I blitzed- I blitzed it. I blitzed through it. Why can’t you?
Sure, everyone feels down. Feels a little- a little wobbly. Eventually, you wobble on out of it. You become better for it. Get thick skin. Struggle is good for the bones, I say. For bone structure. Who likes chubby cheeks, really?
Really? I’ve always been a fan of a sharp cheek bone. High, haughty, like you’ve got something jammed right up your arse. Yes. Yes. I’d take stiff upper lip over wibbly wobbly pockets of sad boy fat, any day.
Sorry, a man. Do you understand that you’re a man? No body wants or needs a sad man. They might take a couple of ’em in. Buff them up, make ’em all shiny. But they don’t want someone who is forever sad. No one wants to fuck a Forever Sad. And that’s what this is all about, isn’t it? Not getting to French or- or and fist the girl of your dreams.
Don’t be a prude, now. After that song and dance at dinner! I swear- I swear if one more person in this house tries to hide something from me, I’ll burn the place down! With all of us in it. Roasting. I mean, we’re almost there anyway. Might as well arrive in Hell in style.

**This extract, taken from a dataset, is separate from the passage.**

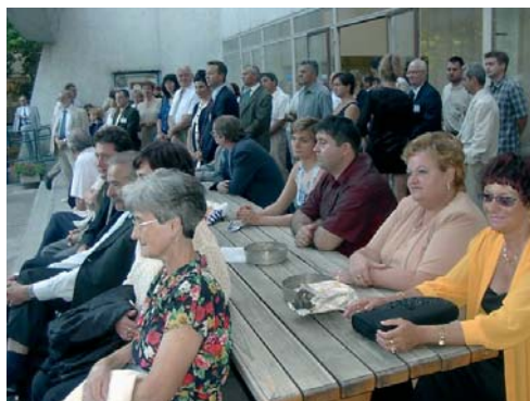
... és közönsége
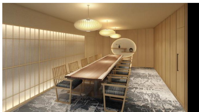
写真左から、「割烹みなと 個室へのアプローチ」、「割烹みなと 個室 HANARE」

So don’t be prudish, Elias. I’m your mother. If you can’t be free with me, who can you be free with? You’re so skittish all the time. So lacklasture and somber. But I know, Eli. I know deep down that you love me. You love me more than anything else in this world. And it’s just hard for you to say. You’re sad, so it’s hard for you to say. But you love me. And when I die- because I will die, Eli- that’ll really give you something to slit you wrists about. So shut up about the sadness already.